> [What the task requires] Only an exact repeat of the listing, without its images, counts as the answer.

> [Collected data]
----------------
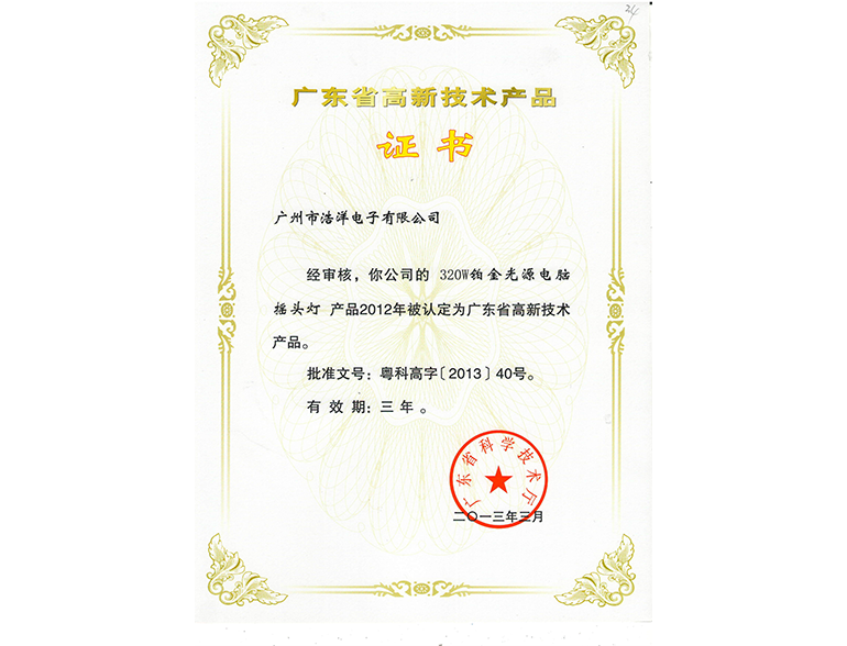 廣東省高新技術產品-320W鉑金光源電腦搖頭燈
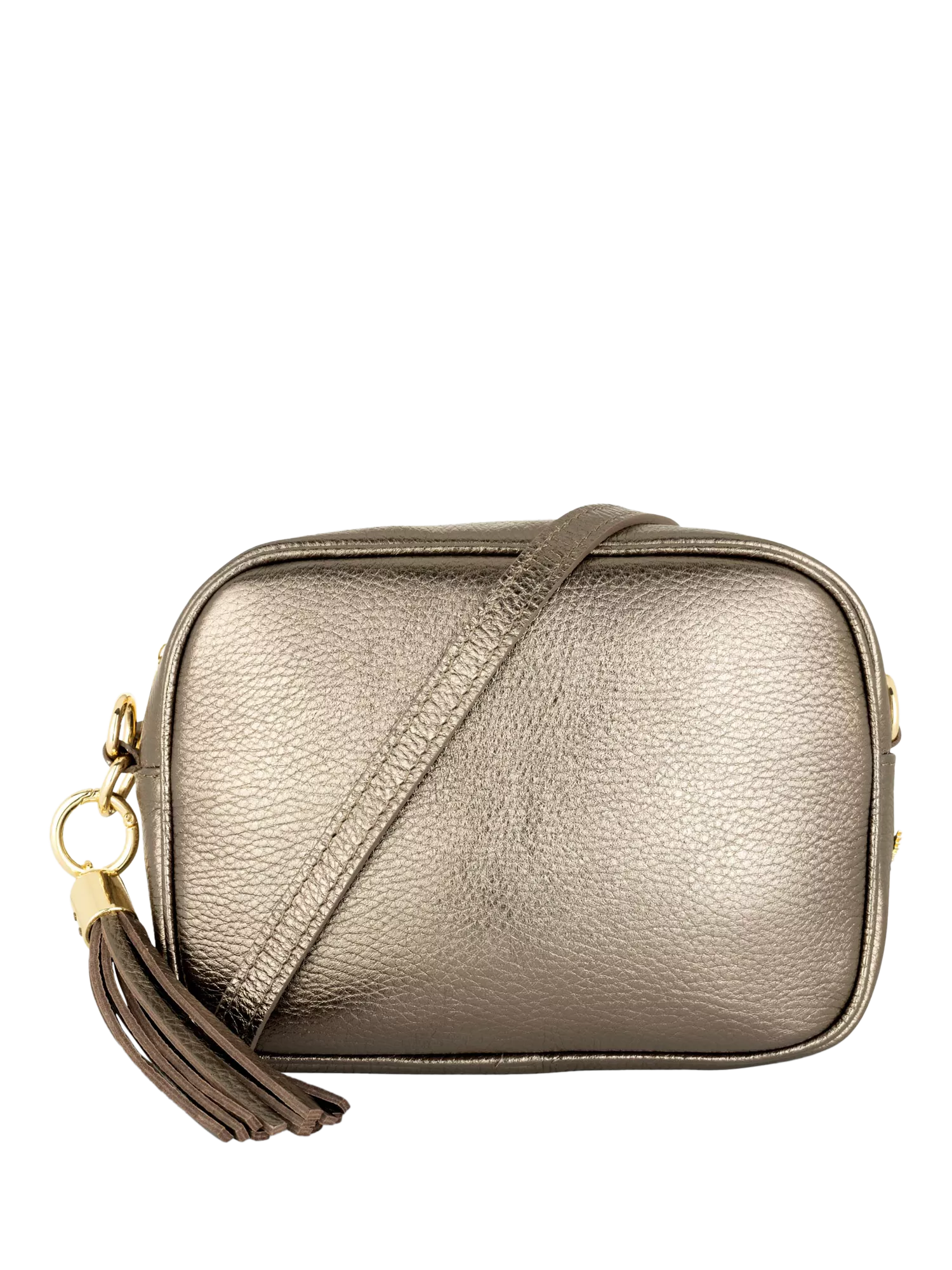 - Leather with light gold metal hardware
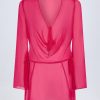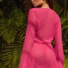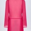 Perfect for poolside pictures and beachside bar-hopping, the Oualie mini dress is crafted from premium, lightweight and sheer chiffon to spotlight your favourite swimwear. It’s cut to a breezy silhouette framed with a cowl neckline and adjustable ruching at the hip so you can adjust it to your perfect length. It’s complete with long flared sleeves and adjustable ties at the front tipped with gold-tone beads.
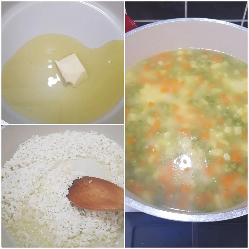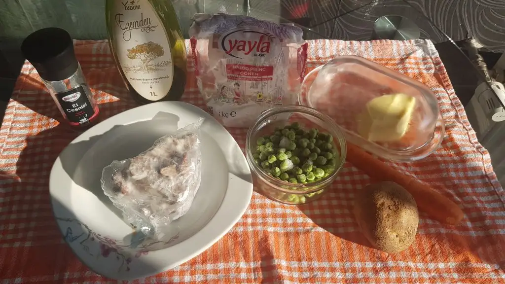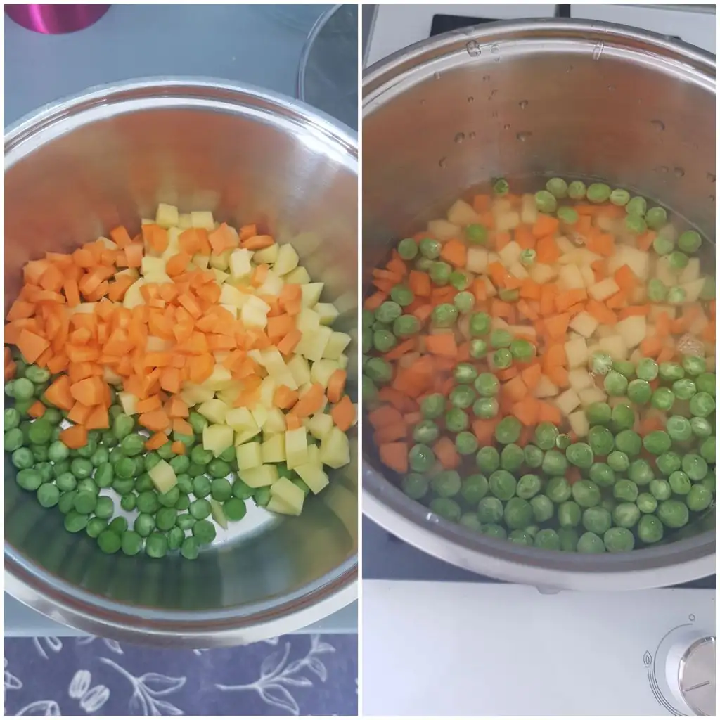 Hazır garnitür kullanmak istemediğim için garnitürü kendim yaptım. 1 adet patates ve 1 adet havucu küp küp doğradım, bir kase bezelye ile beraber hepsinin üzerini geçecek şekilde su koyup 20 dakika kadar haşladım. Bu arada pilavın yapımına geçtim, yağı kızdırdım içine 2 saat kadar suda beklettiğim pirinçleri ekledim ,pirinçler tıkır tıkır olana kadar kavurdum, daha sonra 2 bardak kaynar su ekledim, tuzunu da koyup haşladığım garnitürleri de ekleyerek kapağını kapattım.
----------------
> [Answer]
 廣東省高新技術產品-320W鉑金光源電腦搖頭燈
 - Leather with light gold metal hardware
 Perfect for poolside pictures and beachside bar-hopping, the Oualie mini dress is crafted from premium, lightweight and sheer chiffon to spotlight your favourite swimwear. It’s cut to a breezy silhouette framed with a cowl neckline and adjustable ruching at the hip so you can adjust it to your perfect length. It’s complete with long flared sleeves and adjustable ties at the front tipped with gold-tone beads.
 Hazır garnitür kullanmak istemediğim için garnitürü kendim yaptım. 1 adet patates ve 1 adet havucu küp küp doğradım, bir kase bezelye ile beraber hepsinin üzerini geçecek şekilde su koyup 20 dakika kadar haşladım. Bu arada pilavın yapımına geçtim, yağı kızdırdım içine 2 saat kadar suda beklettiğim pirinçleri ekledim ,pirinçler tıkır tıkır olana kadar kavurdum, daha sonra 2 bardak kaynar su ekledim, tuzunu da koyup haşladığım garnitürleri de ekleyerek kapağını kapattım.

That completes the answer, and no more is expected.